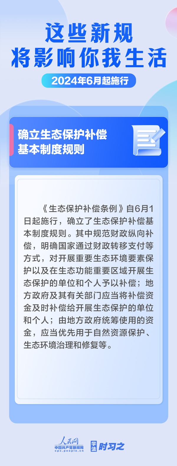 保障糧食有效供給;確立生態(tài)保護補償基本制度規(guī)則;規(guī)范保障海警機構(gòu)依法履職……6月起,這些新規(guī)施行,將影響你我生活。
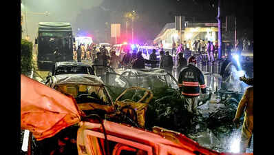New Delhi: A deafening noise, car parts tossed into the air, and several bodies strewn across — eyewitnesses who found themselves near the spot of Monday evening’s blast outside Red Fort metro station recalled scenes of complete chaos, destruction and trauma.The force of the explosion was immense, felt far and wide. The window at Gate No. 1 metro station — on the opposite side of the road — was completely shattered. Within seconds, debris was scattered everywhere, and fear and panic set in.“I heard the voice 300 metres away, behind Lala Lajpat Rai Market. We came out and saw people running,” said Vinod Kumar (40), a coolie in Bhagirath Palace. “I have never heard such a loud blast ever in my life. I fell three times due to the explosion. It felt as if we were all going to die…,” recalled a local shopkeeper.At the site, slippers and shoes were seen lying in several places, left by the hundreds who ran for their lives — rushing off in different directions and into the closest lane they could find. Some vehicles passing by near Gate No. 4 metro station were left abandoned mid-road by drivers who feared another explosion.Jamna, a 50-year-old woman, stood crying near the barricade, frantically looking for her son Arjun. Disoriented and trembling, she said, “He sells flowers in a nearby market… I can’t find him now…”Police cordoned off the area and set up barricades. Shopkeepers, who had moments earlier been going about their day, were seen searching for their vehicles or trying to reach their loved ones to make sure they were safe.Akshay (41), a business man whose electronics shop was just 200 metres away, said, “No one could figure out what happened. Several cars were damaged. It felt like the ground was shaking. People said it was a CNG blast, but it felt like something else…”Amid the chaos, there were also good Samaritans like Chander Prakash and his friend Abhijeet Singh, who sprang into action to help the injured. “We were near the temple when we heard two loud blasts,” Prakash recalled, his voice shaking. “Suddenly, there was mayhem — people screaming, fireballs everywhere and debris flying in all directions. We rushed to assist the injured, lifting them and helping carry them into ambulances.“Jai (49), a watch shop owner travelling from Lala Lajpat Rai Market towards Kashmere Gate, had a close shave as he was just 10 metres from the spot. “I parked my scooty some distance away due to the rush and took an e-rickshaw with two others. Within a minute, I heard a noise so loud my ears got blocked. Then I saw car parts flying and scattered body parts,” Jai said.Maujib (24), who was at a nearby traffic signal, recalled the panic: “There was a huge crowd, and the moment we heard a loud noise, everyone just scrambled and ran for their lives.”Hours later, the usually crowded area with barely any space to walk stood eerily empty under the flashing lights of police and emergency teams.With inputs from Kushagra Singh
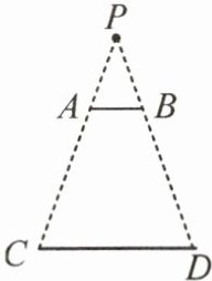 8. 如图,光源$P在横杆AB$的正上方,$AB在灯光下的影子为CD$,$AB // CD$,$AB= 2m$,$CD= 6m$,点$P到CD的距离是2.7m$,则$AB与CD$的距离为
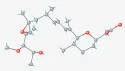 Herboxidiene is a polyketide molecule soluble in polar solvents such as water, ethanol, n-butanol and acetone but insoluble in non-polar solvents such as hexane. It was first isolated from the fermentation broth of Streptomyces chromofuscus by Monsanto in 1992.[2] Herboxidiene shows in vitro antitumor activity by targeting the SF3B protein in the splicesosome.[3] Many antitumor derivatives have also been developed from herboxidiene through chemical modification.[4]
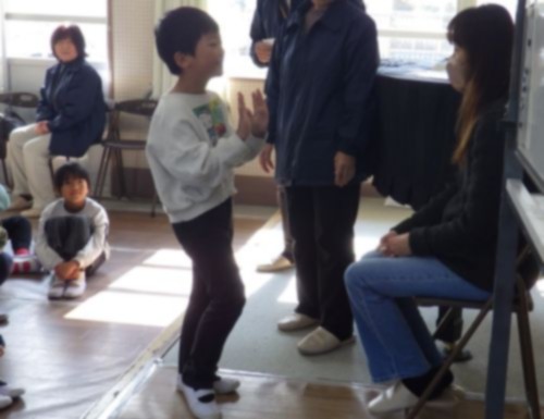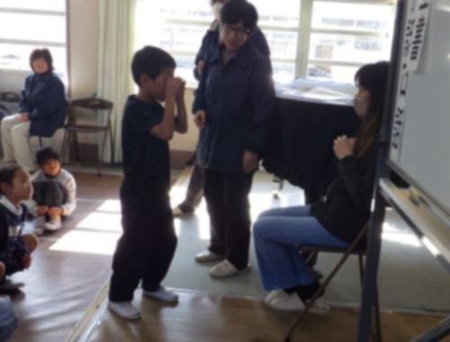 次に、グループに分かれてジェスチャー(身振り)によるコミュニケーション体験を行いました。「サッカー」「カニ」「ゴリラ」「ウサギ」「バスケットボール」「めがね」など、身振りだけで言葉を伝える活動に挑戦し、伝わったときの喜びを感じていました。
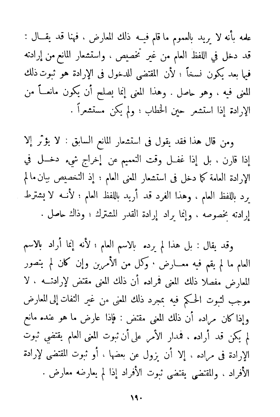 عِلْمِهِ بِأَنَّهُ لَا يُرِيدُ بِالْعُمُومِ مَا قَامَ فِيهِ ذَلِكَ الْمُعَارِضُ فَهُنَا قَدْ يُقَالُ: قَدْ دَخَلَ فِي اللَّفْظِ الْعَامِّ مِنْ غَيْرِ تَخْصِيصٍ وَاسْتِشْعَارِ الْمَانِعِ مِنْ إرَادَتِهِ فِيمَا بَعْدُ يَكُونُ نَسْخًا؛ لِأَنَّ الْمُقْتَضِيَ لِلدُّخُولِ فِي الْإِرَادَةِ هُوَ ثُبُوتُ ذَلِكَ الْمَعْنَى فِيهِ وَهُوَ حَاصِلٌ. وَهَذَا الْمَعْنَى إنَّمَا يَصْلُحُ أَنْ يَكُونَ مَانِعًا مِنْ الْإِرَادَةِ إذَا اسْتَشْعَرَ حِينَ الْخِطَابِ؛ وَلَمْ يَكُنْ مُسْتَشْعِرًا. وَمَنْ قَالَ هَذَا فَقَدْ يَقُولُ فِي اسْتِشْعَارِ الْمَانِعِ السَّابِقِ: لَا يُؤَثِّرُ إلَّا إذَا قَارَنَ بَلْ إذَا غَفَلَ وَقْتَ التَّعْمِيمِ عَنْ إخْرَاجِ شَيْءٍ دَخَلَ فِي الْإِرَادَةِ الْعَامَّةِ كَمَا دَخَلَ فِي اسْتِشْعَارِ الْمَعْنَى الْعَامِّ؛ إذْ التَّخْصِيصُ بَيَانُ مَا لَمْ يُرِدْ بِاللَّفْظِ الْعَامِّ وَهَذَا الْفَرْدُ قَدْ أُرِيدَ بِاللَّفْظِ الْعَامِّ؛ لِأَنَّهُ لَا يُشْتَرَطُ إرَادَتُهُ بِخُصُوصِهِ وَإِنَّمَا يُرَادُ إرَادَةُ الْقَدْرِ الْمُشْتَرَكِ؛ وَذَاكَ حَاصِلٌ. وَقَدْ يُقَالُ: بَلْ هَذَا لَمْ يُرِدْهُ بِالِاسْمِ الْعَامِّ؛ لِأَنَّهُ إنَّمَا أَرَادَ بِالِاسْمِ الْعَامِّ مَا لَمْ يَقُمْ فِيهِ مُعَارِضٌ وَكُلٌّ مِنْ الْأَمْرَيْنِ وَإِنْ كَانَ لَمْ يُتَصَوَّرْ الْمُعَارِضُ مُفَصَّلًا ذَلِكَ الْمَعْنَى فَمُرَادُهُ أَنَّ ذَلِكَ الْمَعْنَى مُقْتَضٍ لِإِرَادَتِهِ لَا مُوجَبَ لِثُبُوتِ الْحُكْمِ فِيهِ بِمُجَرَّدِ ذَلِكَ الْمَعْنَى مِنْ غَيْرِ الْتِفَاتٍ إلَى الْمَعَارِضِ وَإِذَا كَانَ مُرَادُهُ أَنَّ ذَلِكَ الْمَعْنَى مُقْتَضٍ: فَإِذَا عَارَضَ مَا هُوَ عِنْدَهُ مَانِعٌ لَمْ يَكُنْ قَدْ أَرَادَهُ فَمَدَارُ الْأَمْرِ عَلَى أَنَّ ثُبُوتَ الْمَعْنَى الْعَامِّ يَقْتَضِي ثُبُوتَ الْإِرَادَةِ فِي مُرَادِهِ إلَّا أَنْ يَزُولَ عَنْ بَعْضِهَا أَوْ ثُبُوتَ الْمُقْتَضِي لِإِرَادَةِ الْأَفْرَادِ وَالْمُقْتَضِي يَقْتَضِي ثُبُوتَ الْأَفْرَادِ إذَا لَمْ يُعَارِضْهُ مُعَارِضٌ.

------------------------------------------------------------------------

__What you will do__: Write out all of the data above exactly, without any of its pictures.

__Output of the exercise__:
 保障糧食有效供給;確立生態(tài)保護補償基本制度規(guī)則;規(guī)范保障海警機構(gòu)依法履職……6月起,這些新規(guī)施行,將影響你我生活。
New Delhi: A deafening noise, car parts tossed into the air, and several bodies strewn across — eyewitnesses who found themselves near the spot of Monday evening’s blast outside Red Fort metro station recalled scenes of complete chaos, destruction and trauma.The force of the explosion was immense, felt far and wide. The window at Gate No. 1 metro station — on the opposite side of the road — was completely shattered. Within seconds, debris was scattered everywhere, and fear and panic set in.“I heard the voice 300 metres away, behind Lala Lajpat Rai Market. We came out and saw people running,” said Vinod Kumar (40), a coolie in Bhagirath Palace. “I have never heard such a loud blast ever in my life. I fell three times due to the explosion. It felt as if we were all going to die…,” recalled a local shopkeeper.At the site, slippers and shoes were seen lying in several places, left by the hundreds who ran for their lives — rushing off in different directions and into the closest lane they could find. Some vehicles passing by near Gate No. 4 metro station were left abandoned mid-road by drivers who feared another explosion.Jamna, a 50-year-old woman, stood crying near the barricade, frantically looking for her son Arjun. Disoriented and trembling, she said, “He sells flowers in a nearby market… I can’t find him now…”Police cordoned off the area and set up barricades. Shopkeepers, who had moments earlier been going about their day, were seen searching for their vehicles or trying to reach their loved ones to make sure they were safe.Akshay (41), a business man whose electronics shop was just 200 metres away, said, “No one could figure out what happened. Several cars were damaged. It felt like the ground was shaking. People said it was a CNG blast, but it felt like something else…”Amid the chaos, there were also good Samaritans like Chander Prakash and his friend Abhijeet Singh, who sprang into action to help the injured. “We were near the temple when we heard two loud blasts,” Prakash recalled, his voice shaking. “Suddenly, there was mayhem — people screaming, fireballs everywhere and debris flying in all directions. We rushed to assist the injured, lifting them and helping carry them into ambulances.“Jai (49), a watch shop owner travelling from Lala Lajpat Rai Market towards Kashmere Gate, had a close shave as he was just 10 metres from the spot. “I parked my scooty some distance away due to the rush and took an e-rickshaw with two others. Within a minute, I heard a noise so loud my ears got blocked. Then I saw car parts flying and scattered body parts,” Jai said.Maujib (24), who was at a nearby traffic signal, recalled the panic: “There was a huge crowd, and the moment we heard a loud noise, everyone just scrambled and ran for their lives.”Hours later, the usually crowded area with barely any space to walk stood eerily empty under the flashing lights of police and emergency teams.With inputs from Kushagra Singh
 8. 如图,光源$P在横杆AB$的正上方,$AB在灯光下的影子为CD$,$AB // CD$,$AB= 2m$,$CD= 6m$,点$P到CD的距离是2.7m$,则$AB与CD$的距离为
 Herboxidiene is a polyketide molecule soluble in polar solvents such as water, ethanol, n-butanol and acetone but insoluble in non-polar solvents such as hexane. It was first isolated from the fermentation broth of Streptomyces chromofuscus by Monsanto in 1992.[2] Herboxidiene shows in vitro antitumor activity by targeting the SF3B protein in the splicesosome.[3] Many antitumor derivatives have also been developed from herboxidiene through chemical modification.[4]
 次に、グループに分かれてジェスチャー(身振り)によるコミュニケーション体験を行いました。「サッカー」「カニ」「ゴリラ」「ウサギ」「バスケットボール」「めがね」など、身振りだけで言葉を伝える活動に挑戦し、伝わったときの喜びを感じていました。
 عِلْمِهِ بِأَنَّهُ لَا يُرِيدُ بِالْعُمُومِ مَا قَامَ فِيهِ ذَلِكَ الْمُعَارِضُ فَهُنَا قَدْ يُقَالُ: قَدْ دَخَلَ فِي اللَّفْظِ الْعَامِّ مِنْ غَيْرِ تَخْصِيصٍ وَاسْتِشْعَارِ الْمَانِعِ مِنْ إرَادَتِهِ فِيمَا بَعْدُ يَكُونُ نَسْخًا؛ لِأَنَّ الْمُقْتَضِيَ لِلدُّخُولِ فِي الْإِرَادَةِ هُوَ ثُبُوتُ ذَلِكَ الْمَعْنَى فِيهِ وَهُوَ حَاصِلٌ. وَهَذَا الْمَعْنَى إنَّمَا يَصْلُحُ أَنْ يَكُونَ مَانِعًا مِنْ الْإِرَادَةِ إذَا اسْتَشْعَرَ حِينَ الْخِطَابِ؛ وَلَمْ يَكُنْ مُسْتَشْعِرًا. وَمَنْ قَالَ هَذَا فَقَدْ يَقُولُ فِي اسْتِشْعَارِ الْمَانِعِ السَّابِقِ: لَا يُؤَثِّرُ إلَّا إذَا قَارَنَ بَلْ إذَا غَفَلَ وَقْتَ التَّعْمِيمِ عَنْ إخْرَاجِ شَيْءٍ دَخَلَ فِي الْإِرَادَةِ الْعَامَّةِ كَمَا دَخَلَ فِي اسْتِشْعَارِ الْمَعْنَى الْعَامِّ؛ إذْ التَّخْصِيصُ بَيَانُ مَا لَمْ يُرِدْ بِاللَّفْظِ الْعَامِّ وَهَذَا الْفَرْدُ قَدْ أُرِيدَ بِاللَّفْظِ الْعَامِّ؛ لِأَنَّهُ لَا يُشْتَرَطُ إرَادَتُهُ بِخُصُوصِهِ وَإِنَّمَا يُرَادُ إرَادَةُ الْقَدْرِ الْمُشْتَرَكِ؛ وَذَاكَ حَاصِلٌ. وَقَدْ يُقَالُ: بَلْ هَذَا لَمْ يُرِدْهُ بِالِاسْمِ الْعَامِّ؛ لِأَنَّهُ إنَّمَا أَرَادَ بِالِاسْمِ الْعَامِّ مَا لَمْ يَقُمْ فِيهِ مُعَارِضٌ وَكُلٌّ مِنْ الْأَمْرَيْنِ وَإِنْ كَانَ لَمْ يُتَصَوَّرْ الْمُعَارِضُ مُفَصَّلًا ذَلِكَ الْمَعْنَى فَمُرَادُهُ أَنَّ ذَلِكَ الْمَعْنَى مُقْتَضٍ لِإِرَادَتِهِ لَا مُوجَبَ لِثُبُوتِ الْحُكْمِ فِيهِ بِمُجَرَّدِ ذَلِكَ الْمَعْنَى مِنْ غَيْرِ الْتِفَاتٍ إلَى الْمَعَارِضِ وَإِذَا كَانَ مُرَادُهُ أَنَّ ذَلِكَ الْمَعْنَى مُقْتَضٍ: فَإِذَا عَارَضَ مَا هُوَ عِنْدَهُ مَانِعٌ لَمْ يَكُنْ قَدْ أَرَادَهُ فَمَدَارُ الْأَمْرِ عَلَى أَنَّ ثُبُوتَ الْمَعْنَى الْعَامِّ يَقْتَضِي ثُبُوتَ الْإِرَادَةِ فِي مُرَادِهِ إلَّا أَنْ يَزُولَ عَنْ بَعْضِهَا أَوْ ثُبُوتَ الْمُقْتَضِي لِإِرَادَةِ الْأَفْرَادِ وَالْمُقْتَضِي يَقْتَضِي ثُبُوتَ الْأَفْرَادِ إذَا لَمْ يُعَارِضْهُ مُعَارِضٌ.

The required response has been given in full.